** WHAT TO WORK ON **
Below are entries. Give back exactly the lines from the one containing "Mobile legends aurora, full" through the one containing "Questo: una figura", inclusive, without the pictures.
··· LISTED RECORDS ···
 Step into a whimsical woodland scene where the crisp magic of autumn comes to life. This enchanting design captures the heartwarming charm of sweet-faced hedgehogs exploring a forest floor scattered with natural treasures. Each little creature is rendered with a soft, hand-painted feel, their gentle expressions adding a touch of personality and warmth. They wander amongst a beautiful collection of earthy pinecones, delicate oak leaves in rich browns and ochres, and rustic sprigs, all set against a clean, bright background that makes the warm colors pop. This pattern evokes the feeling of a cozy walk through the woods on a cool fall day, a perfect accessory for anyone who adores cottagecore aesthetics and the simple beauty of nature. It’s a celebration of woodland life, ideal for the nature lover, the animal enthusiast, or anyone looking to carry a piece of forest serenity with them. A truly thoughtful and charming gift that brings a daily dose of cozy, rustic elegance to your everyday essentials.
···
··· LISTED RECORDS ···
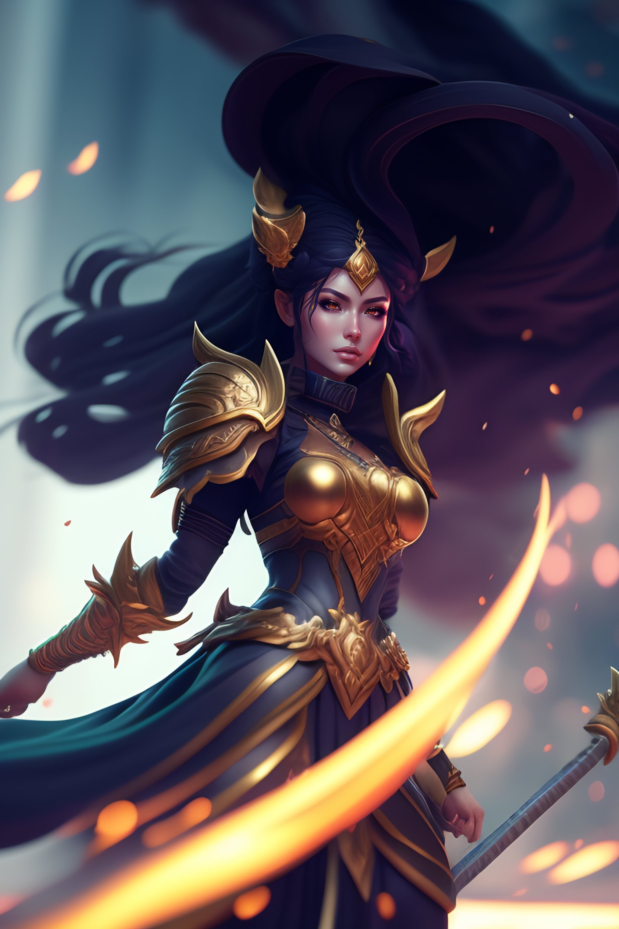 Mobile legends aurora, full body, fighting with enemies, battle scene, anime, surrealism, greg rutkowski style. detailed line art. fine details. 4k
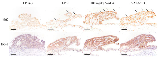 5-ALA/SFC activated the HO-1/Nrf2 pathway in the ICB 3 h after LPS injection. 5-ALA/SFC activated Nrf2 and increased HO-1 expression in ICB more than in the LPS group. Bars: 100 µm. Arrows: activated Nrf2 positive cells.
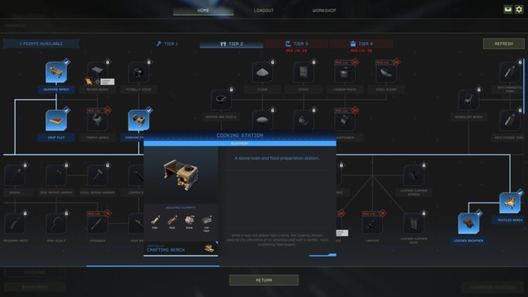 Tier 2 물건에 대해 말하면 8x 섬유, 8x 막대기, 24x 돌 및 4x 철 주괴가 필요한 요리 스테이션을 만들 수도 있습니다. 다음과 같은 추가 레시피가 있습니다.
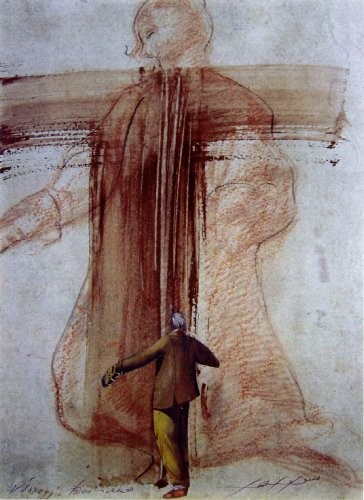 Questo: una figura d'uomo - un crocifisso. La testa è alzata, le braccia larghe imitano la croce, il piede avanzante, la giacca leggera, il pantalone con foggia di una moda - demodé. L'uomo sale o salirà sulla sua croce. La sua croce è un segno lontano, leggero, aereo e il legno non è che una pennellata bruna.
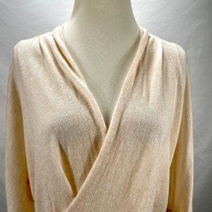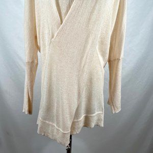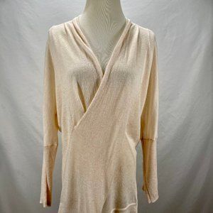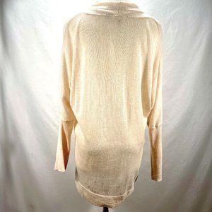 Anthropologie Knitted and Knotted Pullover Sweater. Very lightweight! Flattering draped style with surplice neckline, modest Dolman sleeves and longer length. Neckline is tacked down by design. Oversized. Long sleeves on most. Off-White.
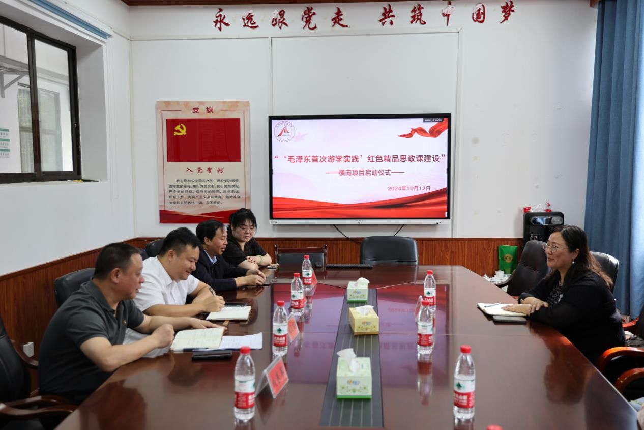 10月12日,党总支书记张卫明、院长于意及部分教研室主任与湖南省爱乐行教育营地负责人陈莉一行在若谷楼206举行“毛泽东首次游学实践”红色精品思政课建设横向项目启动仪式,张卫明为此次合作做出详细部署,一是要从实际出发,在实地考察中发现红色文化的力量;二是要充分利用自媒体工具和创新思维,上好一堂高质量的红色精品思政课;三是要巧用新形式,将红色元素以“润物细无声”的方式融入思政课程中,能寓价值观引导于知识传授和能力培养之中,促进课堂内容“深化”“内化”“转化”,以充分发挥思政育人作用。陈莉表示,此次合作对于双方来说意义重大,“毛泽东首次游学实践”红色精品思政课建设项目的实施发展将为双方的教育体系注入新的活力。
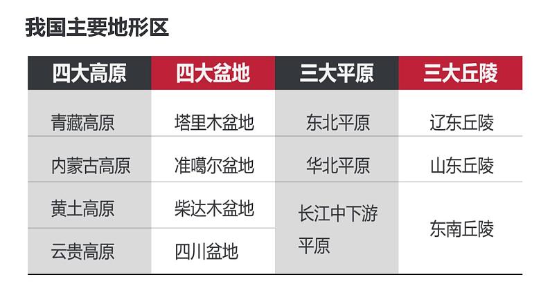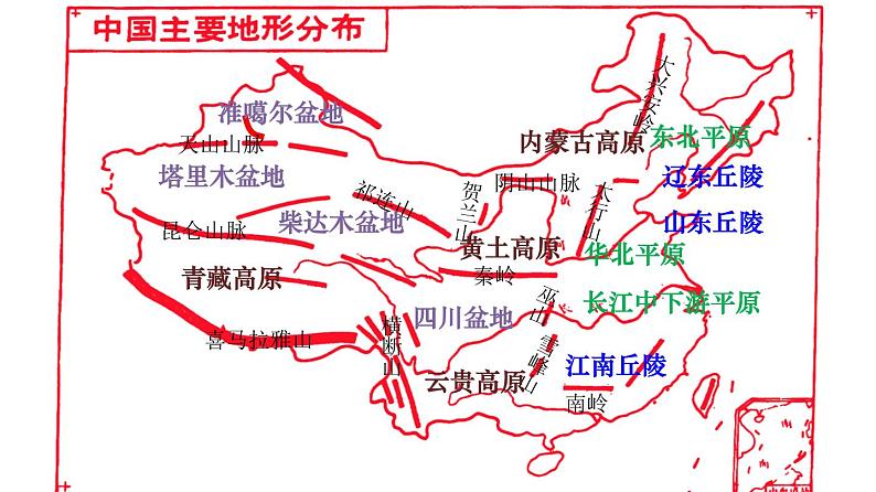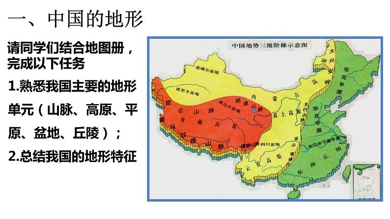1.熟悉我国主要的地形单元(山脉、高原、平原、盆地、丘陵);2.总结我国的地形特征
···
** COMPLETED EXERCISE **
 Mobile legends aurora, full body, fighting with enemies, battle scene, anime, surrealism, greg rutkowski style. detailed line art. fine details. 4k
 5-ALA/SFC activated the HO-1/Nrf2 pathway in the ICB 3 h after LPS injection. 5-ALA/SFC activated Nrf2 and increased HO-1 expression in ICB more than in the LPS group. Bars: 100 µm. Arrows: activated Nrf2 positive cells.
 Tier 2 물건에 대해 말하면 8x 섬유, 8x 막대기, 24x 돌 및 4x 철 주괴가 필요한 요리 스테이션을 만들 수도 있습니다. 다음과 같은 추가 레시피가 있습니다.
 Questo: una figura d'uomo - un crocifisso. La testa è alzata, le braccia larghe imitano la croce, il piede avanzante, la giacca leggera, il pantalone con foggia di una moda - demodé. L'uomo sale o salirà sulla sua croce. La sua croce è un segno lontano, leggero, aereo e il legno non è che una pennellata bruna.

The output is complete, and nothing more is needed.